→ **Data provided**

%%

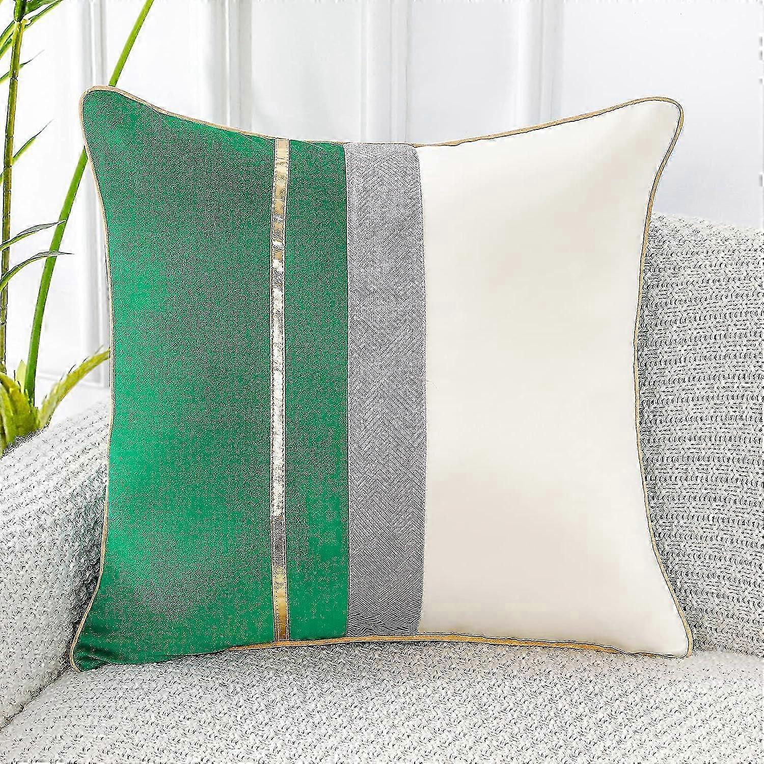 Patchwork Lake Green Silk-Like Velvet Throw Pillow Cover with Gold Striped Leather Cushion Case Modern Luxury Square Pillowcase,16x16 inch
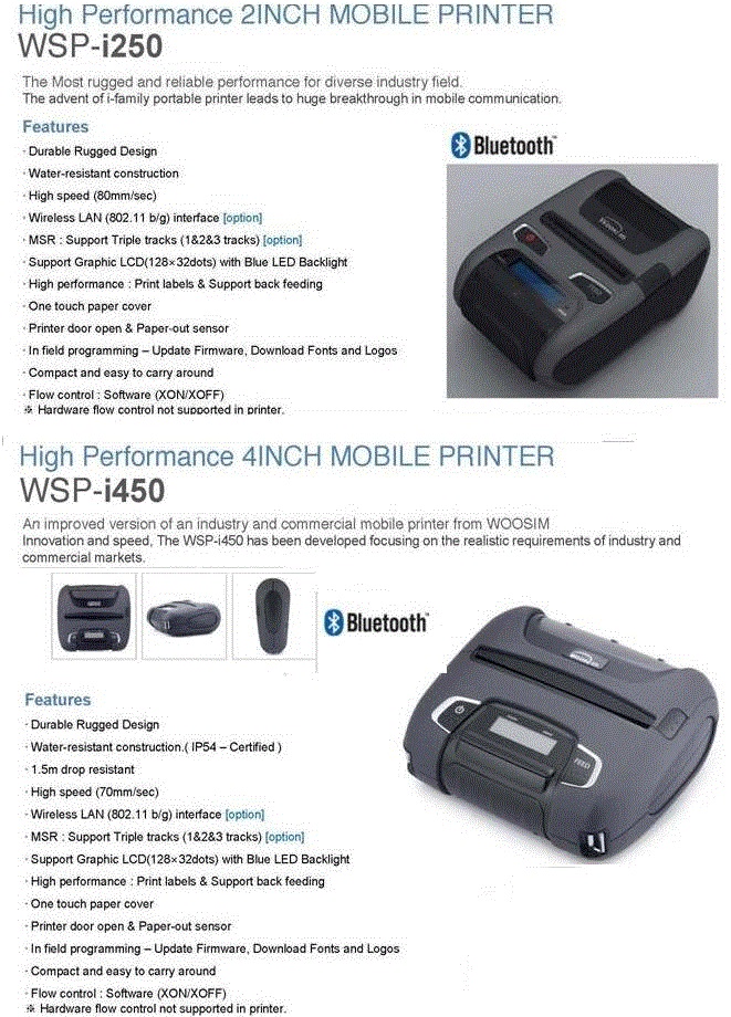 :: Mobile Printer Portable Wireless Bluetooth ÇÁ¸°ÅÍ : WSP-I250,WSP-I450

%%
%%

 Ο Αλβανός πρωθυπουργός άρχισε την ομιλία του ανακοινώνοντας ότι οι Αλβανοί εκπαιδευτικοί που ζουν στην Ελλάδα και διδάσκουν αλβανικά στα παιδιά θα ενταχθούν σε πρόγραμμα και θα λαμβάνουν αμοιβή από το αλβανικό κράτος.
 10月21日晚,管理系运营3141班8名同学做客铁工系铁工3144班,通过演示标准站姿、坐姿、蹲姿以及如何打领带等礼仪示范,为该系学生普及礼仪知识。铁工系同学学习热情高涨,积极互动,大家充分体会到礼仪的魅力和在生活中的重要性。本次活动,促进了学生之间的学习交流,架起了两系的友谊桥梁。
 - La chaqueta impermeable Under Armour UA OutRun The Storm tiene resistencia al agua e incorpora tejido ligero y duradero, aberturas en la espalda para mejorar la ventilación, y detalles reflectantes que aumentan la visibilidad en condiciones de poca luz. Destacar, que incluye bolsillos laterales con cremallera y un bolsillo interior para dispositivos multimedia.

%%

→ **Your instructions**
Everything above from the line containing "Patchwork Lake Green" down to the line containing "ÇÁ¸°ÅÍ : WSP-I250,WSP-I450" is to be duplicated exactly, both lines included, and the pictures are to be omitted.

→ **Output of the exercise**
 Patchwork Lake Green Silk-Like Velvet Throw Pillow Cover with Gold Striped Leather Cushion Case Modern Luxury Square Pillowcase,16x16 inch
 :: Mobile Printer Portable Wireless Bluetooth ÇÁ¸°ÅÍ : WSP-I250,WSP-I450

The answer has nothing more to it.